Susan Rice: How Obama Found the Least Bad Syria Policy
original event

The gap between our rhetorical policy and our actions constantly bedeviled U.S. policy making. In August 2011, several months after the start of the Syrian uprising and in the midst of the Libya operation, Obama joined our key European partners in declaring that “the time has come for President Assad to step aside.” But having learned the lessons of regime change in Iraq, and sobered by the complexity of sustaining even an air campaign in Libya, no principal argued for direct military intervention with U.S. ground troops to force out Assad, as President George W. Bush had done to Saddam Hussein. The costs in blood and treasure to the U.S. were massive in Iraq. Syria would be just as bad, if not worse, given Iran’s strong backing. Once Russia put its forces into Syria in September 2015, any effort at regime change could have courted World War III.

But we did consider and reconsider, again and again, many significant steps short of direct war against Assad. We imposed what U.S. and European sanctions we could, but absent UN Security Council authority, which Russia consistently blocked, comprehensive global sanctions were not achievable. We provided almost $6 billion in humanitarian assistance to the victims of Syria’s conflict and more to the neighboring states coping with the burden. We spent untold amounts of senior-level energy trying to negotiate with Russia, Syria, and other key players to end the conflict peacefully. At various points, we tried to exploit potential diplomatic openings, but none ever came to fruition.

After more than a year of intense internal debate, Obama decided in 2013 to join our Sunni Arab and Turkish partners in vetting, arming, and later training Syrian rebels. The challenge we continually faced, however, was that some of the rebels were genuine political opponents of Assad, while others were members of lethal terrorist groups. Still others were somewhere in between. The terrorist groups, such as the al-Qaeda-linked al-Nusra Front, were the best anti-Assad fighters, but we would never assist them. The difficulty was how to help the good guys, and those in the gray area, without inadvertently providing sophisticated weapons and training to terrorists.

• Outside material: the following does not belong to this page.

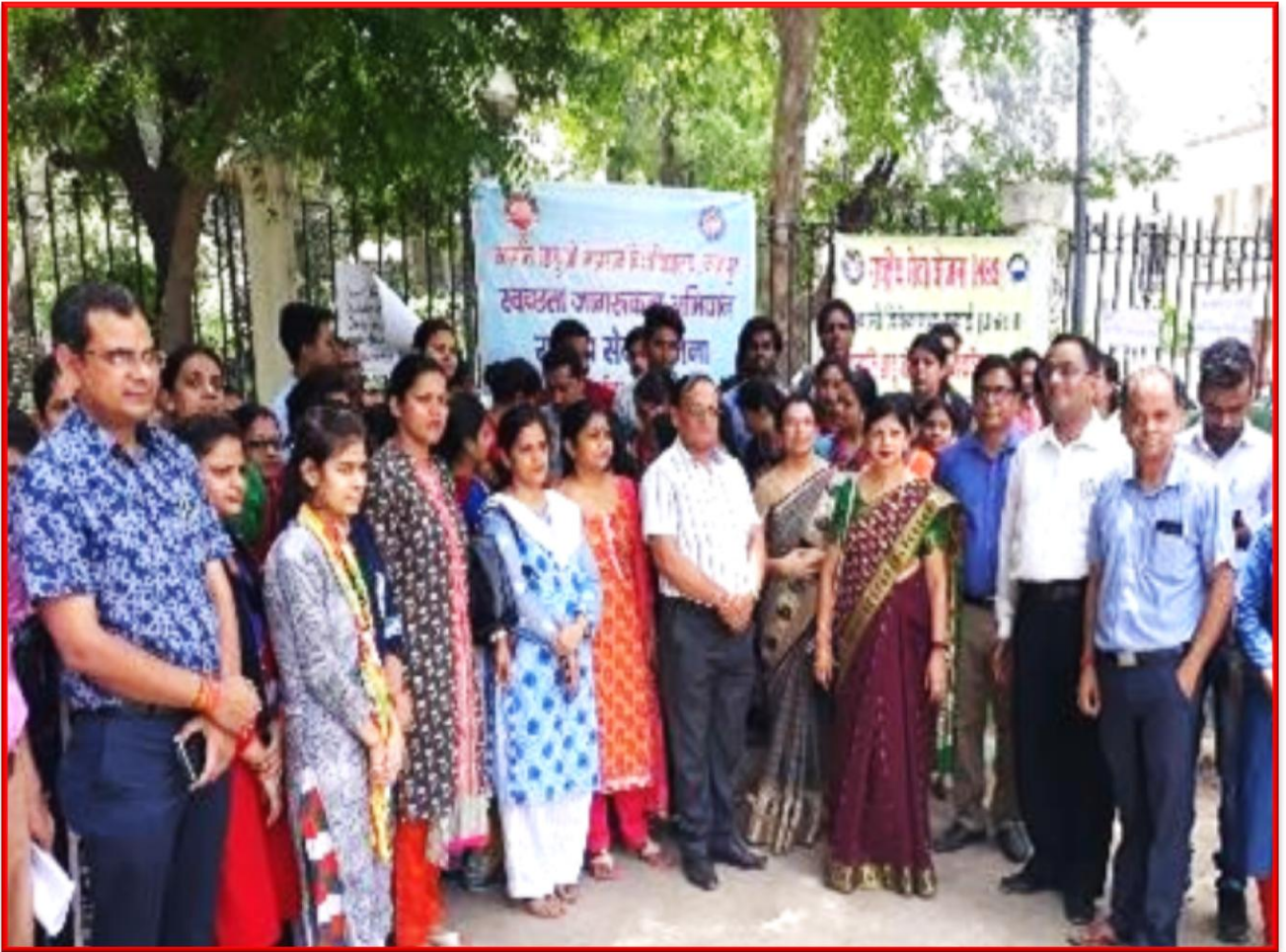
Figure 32 Swachhata Abhiyan

We tried to walk that fine line. But the rebels were fractured and lacked a coherent, achievable political agenda. The assistance we provided was significant, but not as much as the rebels wanted and arguably needed. We did not do the maximum, because we assessed that the long-term risks of passing the most dangerous weapons to rebels in a murky war zone outweighed the benefits. While the U.S.-supported rebels fought as best they could, they were unlikely ever to threaten the regime’s survival without direct U.S. military intervention.

Within the Obama national-security team, the principals fought over Syria longer and harder than on any issue during my tenure. John Kerry, John Brennan, and Samantha Power argued for the U.S. to do more—provide more lethal weapons to the rebels, take targeted strikes against Assad or his air force, and perhaps establish safe zones for civilians. Others—including me and Denis McDonough, Defense Secretary Ash Carter, and Joint Chiefs of Staff Chairman Martin Dempsey and his successor, Joe Dunford—were equally tortured by the suffering in Syria, but opposed deeper U.S. military involvement.